Clarity of relationships Metadata helps resolve ambiguity and inconsistencies when determining the associations between entities stored throughout data. I have recently gained more interest in data quality as well as philosophy, and was struck by their relationship. Data quality is the extent to. Keywords Metadata, Data quality, Attributes, eMaintenance, . Data and relationships are represented in a at, two-dimensional table that.
It is often expressed in terms of dimensions such as accuracy, completeness, consistency, credibility, currentness, and understandability. Philosophy attempts to answer the deeper questions that we have, providing us with wisdom. This often relates to areas such as existence, knowledge, values, reason, mind, and language. There are two themes that are both central to data quality as well as philosophy: In this blog, I will explore other implications of the overlapping of themes.
The latter is very frequent in spatial data, where positional accuracy is one of the most important measures of data quality. In data quality, the accuracy dimension is one of the most difficult dimensions to measure. An alternative could be to compare the data with a reference data set that is closer to reality; however, that is not the same as comparing it with reality.
Positional accuracy can be very difficult to measure when there are no clear boundaries e.

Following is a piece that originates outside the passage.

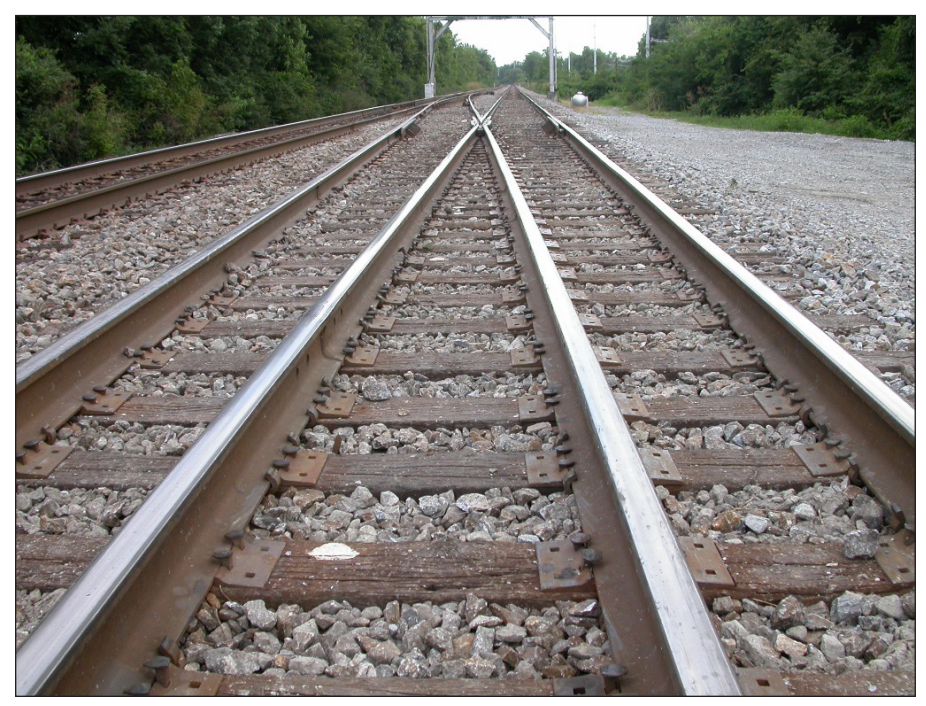
Figure 3. Switch ties are long ties used where two sections of track meet or diverge.

Long timbers with large cross-sections may be in demand for road crossings or bridges, but not as consistently as crossties. Road crossing timbers might be desired in sizes such as 8" x 10" 8" x 12", 10" x 10", or even 8" x 24", and the lengths wanted might be as long as 25'. Check with the sawmill you sell to and find out what is needed. Softwood timbers might be in particular demand for bridge timbers (Figure 4).

From a philosophical perspective, reality is the state of things as they exist, rather than as they may appear or might be imagined.
Reality includes everything that is and has been, whether it is observable or comprehensible. The truth refers to what is real, while falsity refers to what is not.
Implementing Data Quality Through Metadata, Part 1
Some idealists say that we only know how things appear to us, not how they really are. An object may appear contradictory from different viewpoints, which would imply that there cannot be an object that unites these contradictory characteristics. Independent of which philosophers you believe, it is a fact that independent of whether there is one objective reality, the way we perceive reality is subjective.
It is based on how we interpret what we see, based on filters that we have built, given our personal experience. How can you be sure that the value observed by a person that has measured the data is not just their interpretation of reality? Related to the previous, we may be interested from a data quality perspective in determining the accuracy of unstructured data containing certain statements.
You could for example try to measure the data quality of policy documentation, containing all sorts of policy statements that you want to test. Minimalists say that truth is not a characteristic of a conviction or statement. Pragmatists say that something is true when it works. An interesting perspective on the truth of statements is provided by the Tractatus Logico-Philosophicus of Ludwig Wittgenstein.
The statements in this philosophical work have been discussed at length by a lot of people, and discussions remain about the truth of the statements. What does not really help is that the work is described only in terms of propositions that are not accompanied by any support; they are just stated.
The Relationship Between Data Quality and Philosophy | knifedirectory.info
Part two of the series will examine the beneficial technical meta data tags that can be incorporated into an architecture to measure data quality and provide flexibility to the system design. The warehouse developers use technical meta data as a method to build a tighter relationship between the repository and the data warehouse. This is accomplished by incorporating technical meta data directly into the data warehouse design and ETL processes.
This technique is used to extend the design and architecture of the data warehouse to provide increased processing optimizations for data acquisitions, maintenance activities, and data quality measurement opportunities. These technical meta data tags, unlike information stored in a meta data repository, are referenced at a row level of granularity in the data warehouse. This direct association of meta data to each row of information in the data warehouse is a key distinction of extending meta data into the architecture.
To select operators, each row of data is tagged from the source systems during ETL processing with technical meta data.
Metadata, Data Quality, and the Stroop Test — OCDQ Blog
The meta data tags on each row in the warehouse provide a clearer semantic meaning to the data by placing the information in context with the repository.
As an example, consider a client dimension table that derives its information from two operational sources. Client information is extracted in priority order from either from a sales force automation application, an enterprise resource planning application ERPor both, depending on availability and stability of the data. The absence of technical meta data in the dimension table would require use of the information without consideration of the source system s that provided it.
The Relationship Between Data Quality and Philosophy
Technical meta data tagging allows you to determine the origin s of information in the dimension table. Information originating from one or more sources can be easily and quickly determined through the technical meta data tag on that row.
A clear, consistent method of tagging the data originating from the operational systems needs to be developed and agreed upon by both the technical and business users of the data warehouse. Any technical meta data tied to the row must be applicable to the entire row of data, not just the majority of columns in the table.
I like to keep technical data tagging to a minimum in a simple dimensional data model design.